Подползаю к пулемётчикам. Темирбулатов приглушенным голосом говорит:
– Ползите скорее, товарищ капитан, по нашей точке бьёт пулемет. В узком окопе еле разместились пулемётчики и три автоматчика, которые находились рядом.
После того как бойцы прослушали обращение, Темирбулатов сказал:
Весь день мы лежали на дамбе, изучая огневые точки противника. Немцы обстреливали всю дамбу из артиллерии, миномётов и пулемётов. Их бризантные снаряды рвались над дамбой на высоте нескольких метров, но в стороне от нас. Мы лежали, не шевелясь. Немцы так и не заметили нас за день.
Под вечер, незадолго до начала артподготовки, мы увидели лодку с двумя нашими солдатами, плывущую к дамбе противника. Сначала мы просто не верили своим глазам. Смелость этих людей казалась невероятной. Они гребли быстро, но совершенно спокойно, как рыбаки в тихий мирный вечер. Немцы, очевидно, были так поражены, что не сразу открыли по лодке огонь.
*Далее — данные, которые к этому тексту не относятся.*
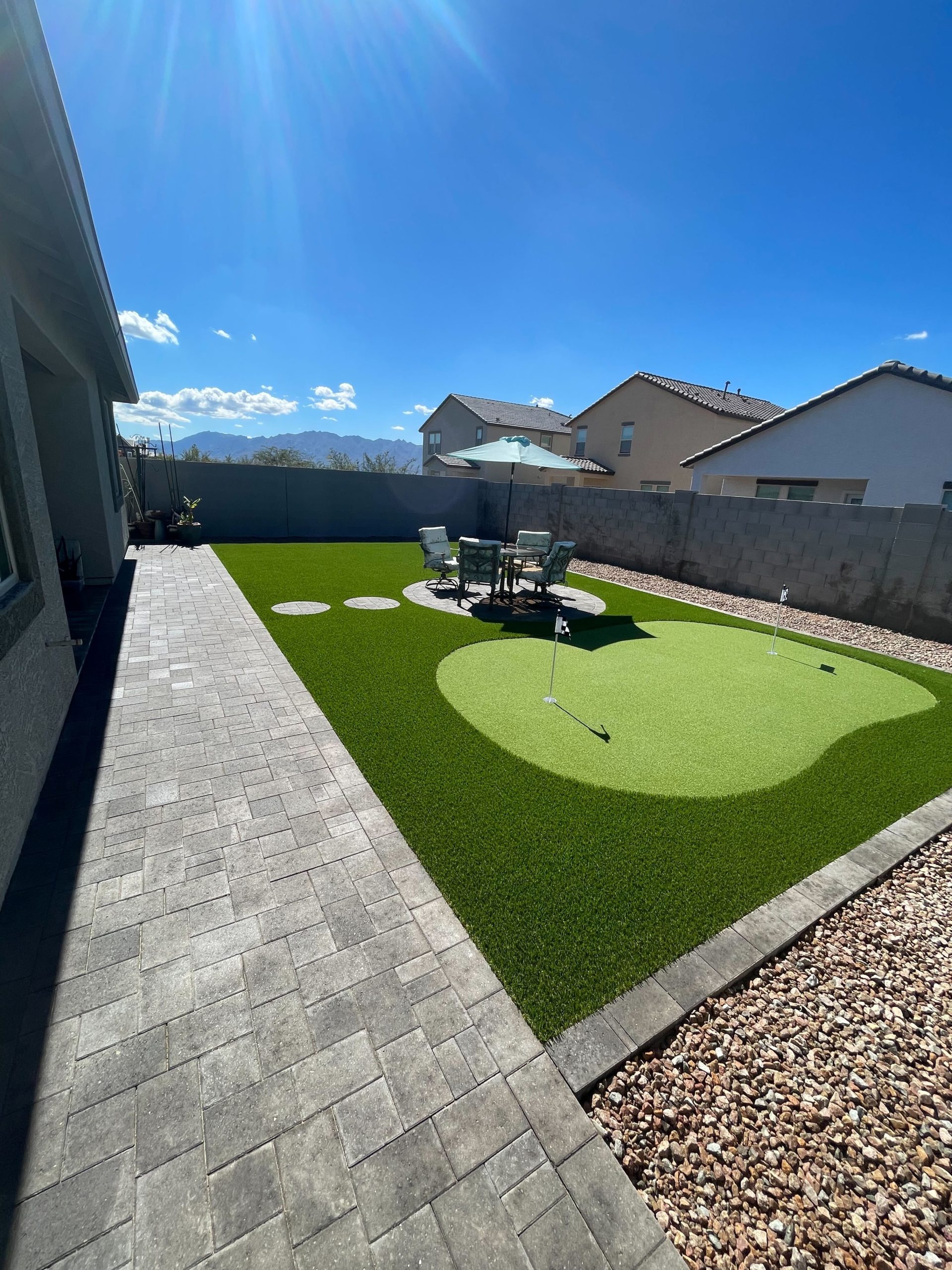 Bring the golf course to your backyard with our custom putting greens. Tailored to your space, our greens offer the perfect practice surface for golf enthusiasts.
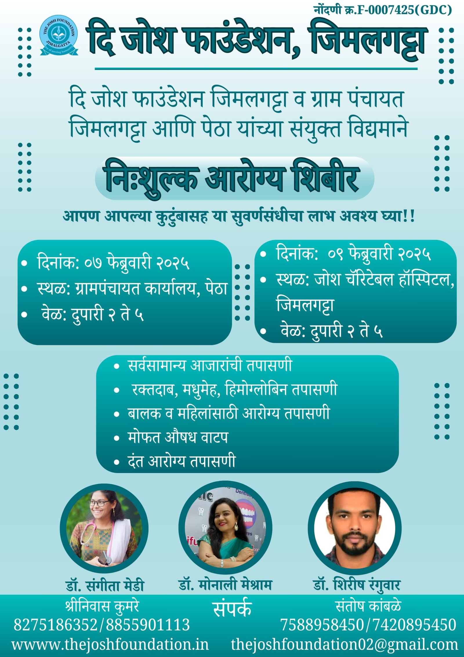 *दि जोश फाउंडेशन, जिमलगट्टा आणि ग्रामपंचायत जिमलगट्टा व पेठा* यांच्या संयुक्त विद्यमाने *निःशुल्क आरोग्य शिबिराचे* आयोजन करण्यात आले आहे. या शिबिरात तज्ञ डॉक्टरांकडून मोफत तपासणी व औषधोपचार उपलब्ध असतील.

Они стали стрелять, когда лодка была уже у их берега. Выскочив из лодки, солдаты залегли в нескольких метрах от траншей противника.
– Вот черти! – невольно воскликнул я, восхищённый их храбростью. Мы следили за ними, затаив дыхание. Переползая с одного места на другое, они бросали в немецкие траншеи гранаты. Немцы тоже забрасывали их гранатами.
Я не знаю фамилий этих людей, не знаю, какую они имели задачу, может быть, даже они действовали по своей инициативе, знаю только, что это были герои. Благодаря им мы окончательно уточнили линию немецких траншей – разрывы гранат обозначили её совсем ясно. Герои погибли, но их дерзкая храбрость необычайно воодушевила и артиллеристов и пехотинцев. Я видел, что пехотинцы уже начали перетаскивать через дамбу лодки, готовые плыть на тот берег, не ожидая артподготовки.
Артподготовка началась в 8 часов вечера. После того как мы сбросили с орудий маскировку и открыли огонь, прошло минут десять, прежде чем немцы, ошеломлённые тем, что увидели вдруг против себя точно из воды вынырнувшие советские пушки, дали по нас первые ответные выстрелы. К этому времени над дамбой противника уже бушевал вихрь дыма, поднятой в воздух земли н летящих брёвен. Я любовался этим зрелищем, лёжа на поверхности голого ската, так как от сотрясения, происходившего при стрельбе наших орудий, песчаные стены моего ровика быстро осыпались.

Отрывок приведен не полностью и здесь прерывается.